И Ефросинья ходила смотреть на него, постояла у порожка землянки вместе с другими бабами, вспоминая Захара, тихонько сморкалась и вытирала глаза; Иван Емельянов уже на второй день пошел на усадьбу МТС и долго лазил среди обгоревших каменных коробок домов, в железном, изъеденном ржой хламе, заросшем бурьянами; неподалеку на пригорке саперы из мин выложили чуть ли не целый городок. И хотя на усадьбе МТС стояли щиты с надписями, что местность проверена и мин здесь больше нет, и Емельянову рассказали о проделке густищинских парней во главе с Митькой-партизаном в этих самых зарослях, далеко в бурьян забираться не хотелось; нельзя было в такой короткий срок хорошо очистить землю от скрытой начинки, которой было густо нашпиговано все вокруг. Цепляясь деревяшкой за бурьян, битый кирпич и всякий другой мусор, Иван Емельянов матерился не стесняясь, но продолжал стаскивать в одно место, к остову бывшего трактора «НАТИ», всякий железный хлам; на другой день ему уже помогали ребятишки, в том числе и двое Дерюгиных — Егор с Николаем, но в особо запущенные места Емельянов ребят не пускал, лез сам, говоря, что если ему еще ногу оторвет, то это даже хорошо, что ему это для уравновесия, а тем, что еще только растет и потом жениться будет, ноги обе нужны, потому как девку иначе не догонишь и не уломаешь.
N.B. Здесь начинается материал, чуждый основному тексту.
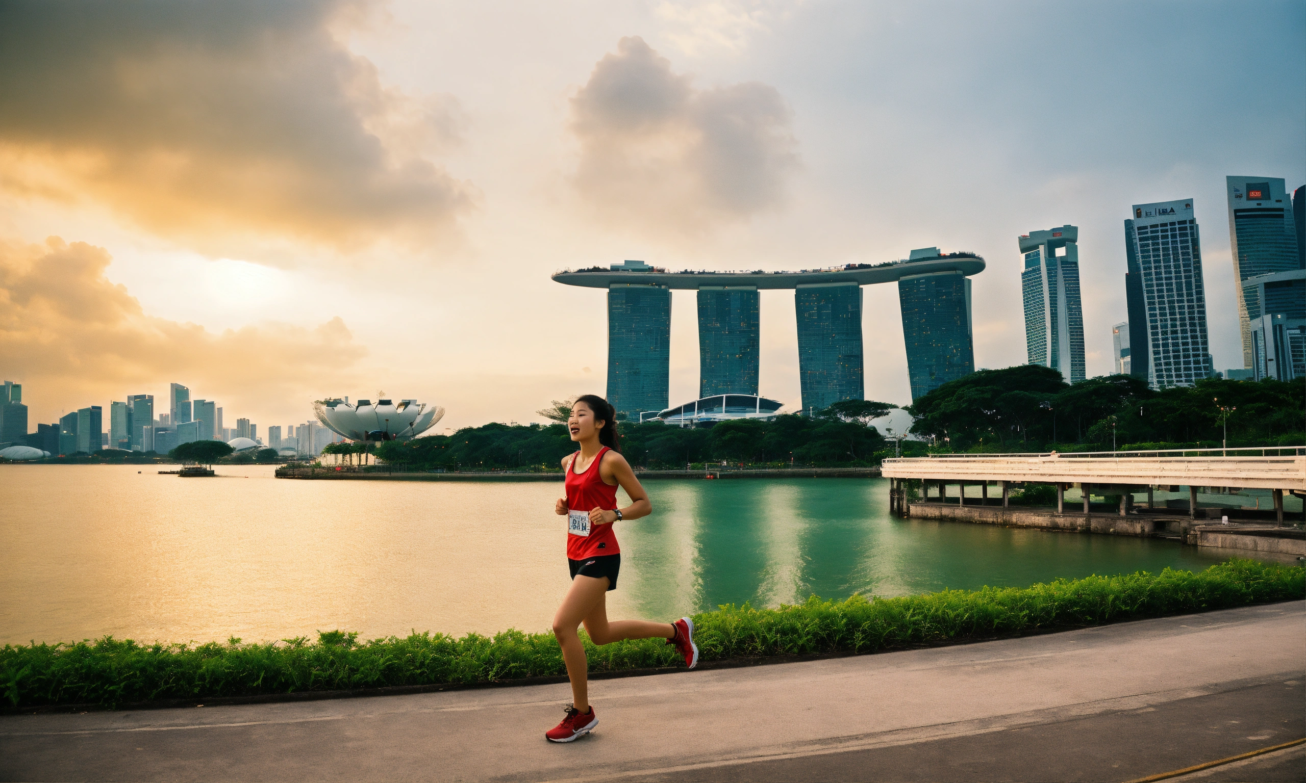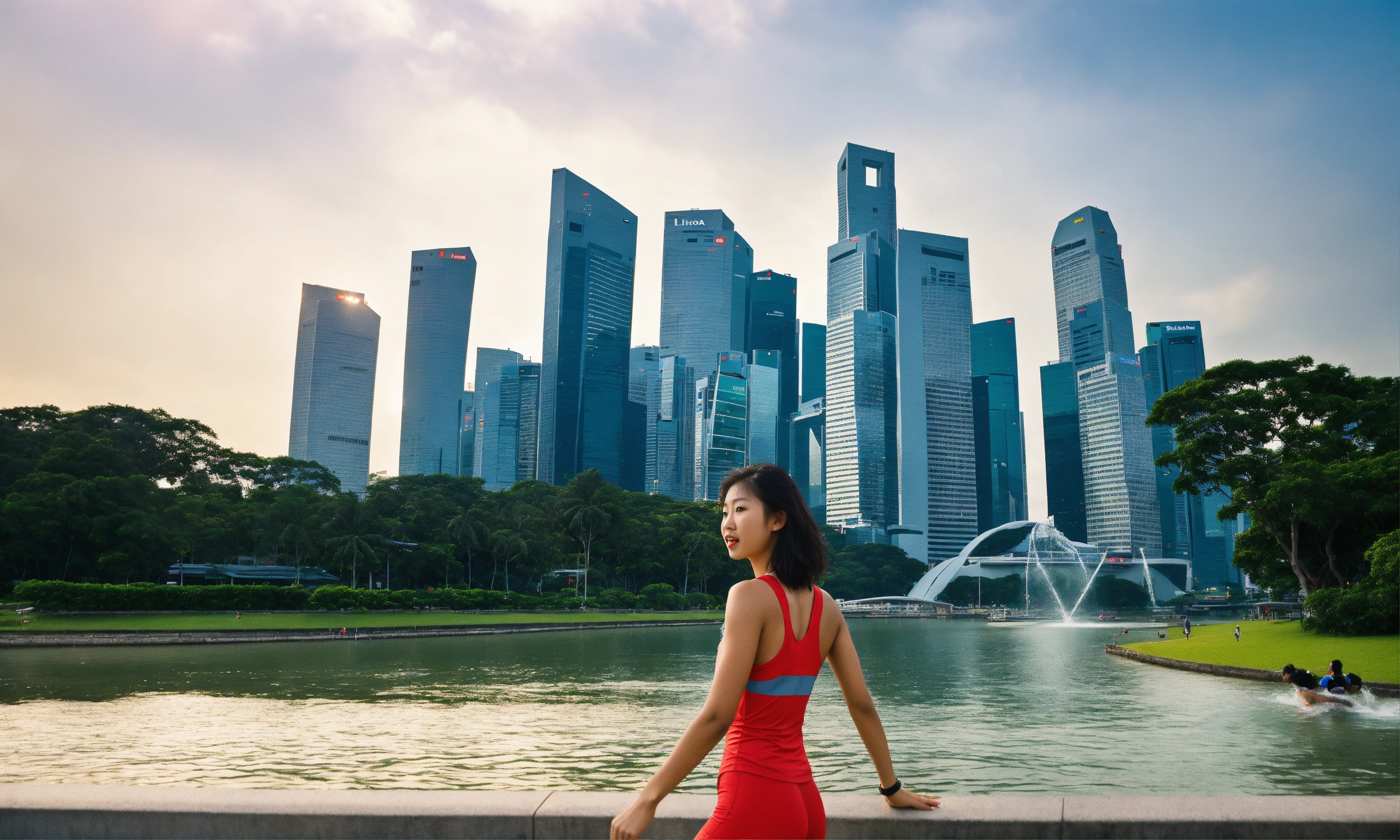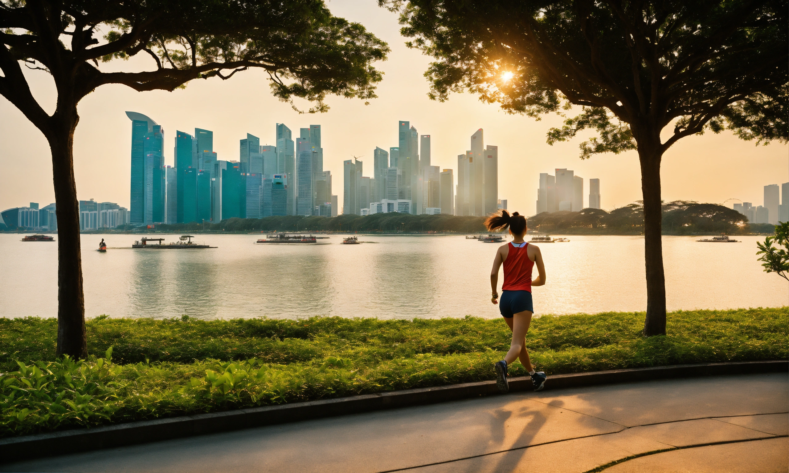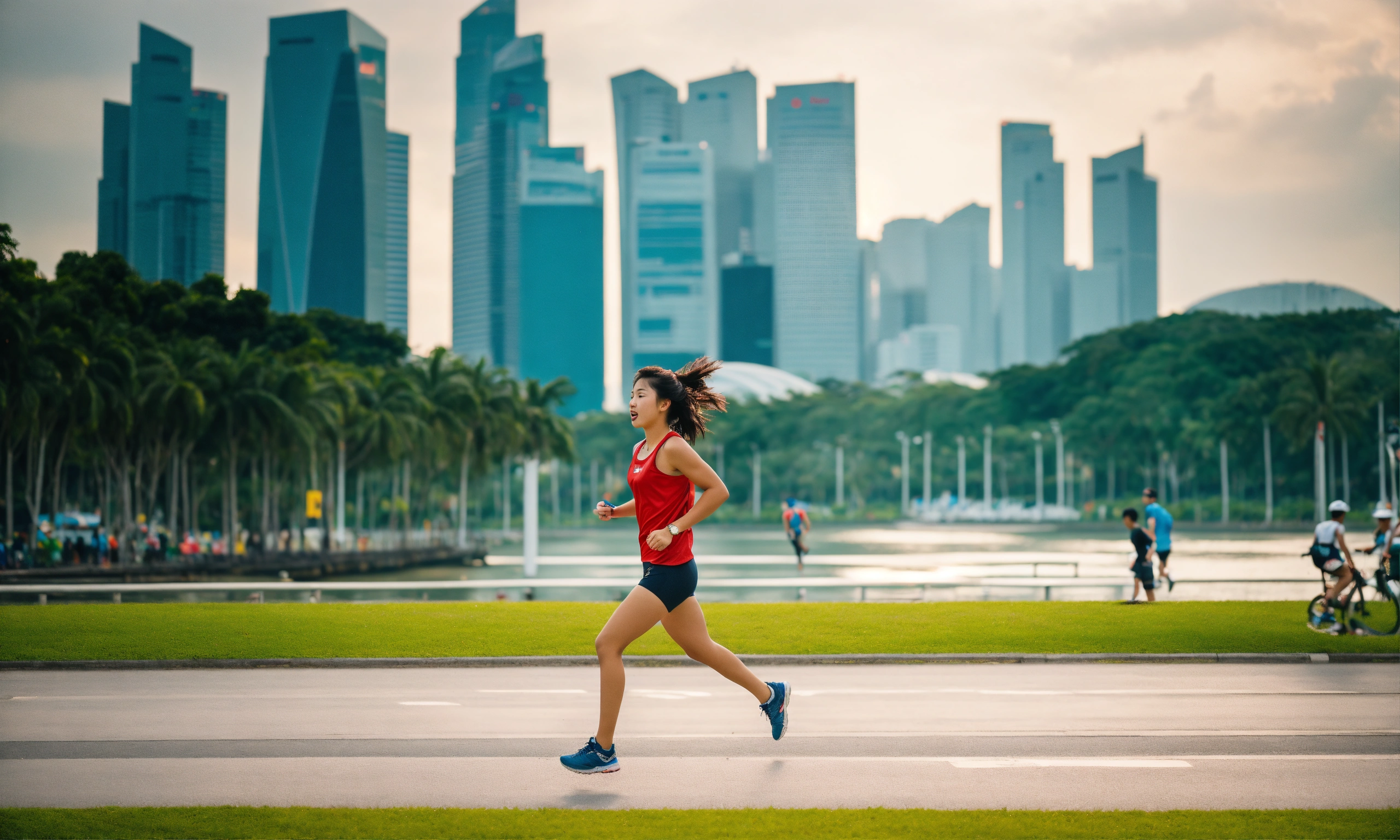 Full establishing shot of singapore's east coast park, towering trees, backdrop is the iconic singapore cityscape rises with modern skyscrapers and marina barrage, an athletic 18-year-old asian girl running in the centre of the screen, a sleeveless plain red singlet, determined expression and vibrant attire symbolize the energy of this unique urban park, a leica summicron 35mm f2.0 lens to enhance the colors, shooting with kodak portra 400 film to add cinematic richness.
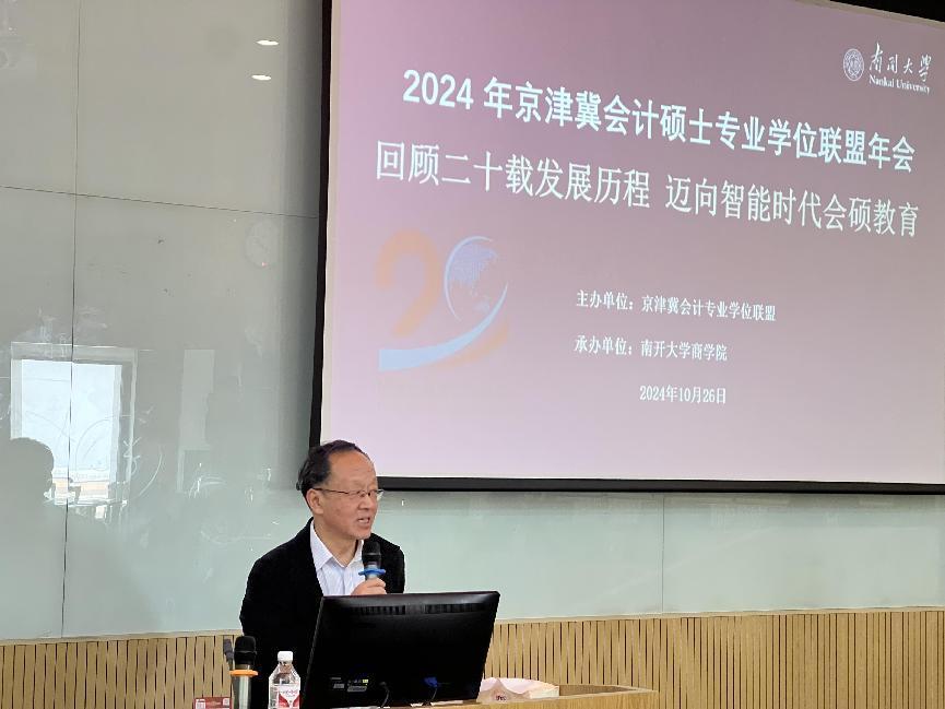 在会计专业硕士发展二十载之际,10月26日,主题为“回顾二十载发展历程,迈向智能时代会硕教育”的2024年京津冀会计硕士专业学位联盟年会在金年汇官方入口jinnianhui金年会举行。近50所京津冀会计硕士专业学位培养院校的师生参加会议。会议由全国会计专业学位研究生教育指导委员会顾问、金年汇官方入口jinnianhui金年会刘志远教授主持。
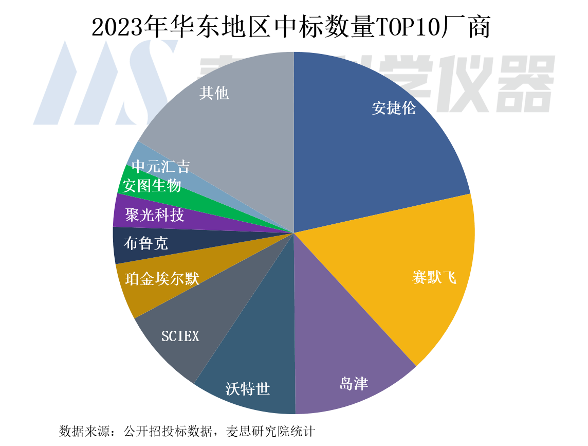 華東地區(qū)質(zhì)譜儀器中標(biāo)數(shù)量Top 5企業(yè)分別為安捷倫、賽默飛、島津、沃特世和SCIEX,Top 5占比超65%。國內(nèi)廠商中,聚光科技、安圖生物和中元匯吉三家企業(yè)進入Top 10行列。

Одним словом, за две недели поисков в бурьяне у Ивана Елемьянова начал обозначаться вполне приличный трактор, а еще через две недели он выпросил у Свиридова лошадь, вместе с Митькой-партизаном съездил в штаб саперной части, бодро доложил командиру батальона о себе и своем деле (Митька при этом пошире распахнул полы шинели, показывая ордена) и вернулся на машине с тремя бочками солярки и канистрой масла и, поколдовав еще два дня над своим железным чудом-юдом, как он сам его называл, вдвоем с Митькой партизаном они завели наконец мотор, не единожды изойдя потом, затем Емельянов торжественно забрался в кабину и, замирая перед решающей минутой, дал газ; ребятня во главе с Митькой-партизаном, помогавшая ему, бежала с двух сторон, а Емельянов в упоении какой-то силой, с дурацкими слезами на глазах, остервенело давил гусеницами бурьян, затем, насладившись своей властью над железной грудой, отрегулировал заброшенный пятикорпусный плуг, подцепил его с помощью все того же Митьки, твердо наметившего себя в помощники трактористу, подъехал к председательской усадьбе.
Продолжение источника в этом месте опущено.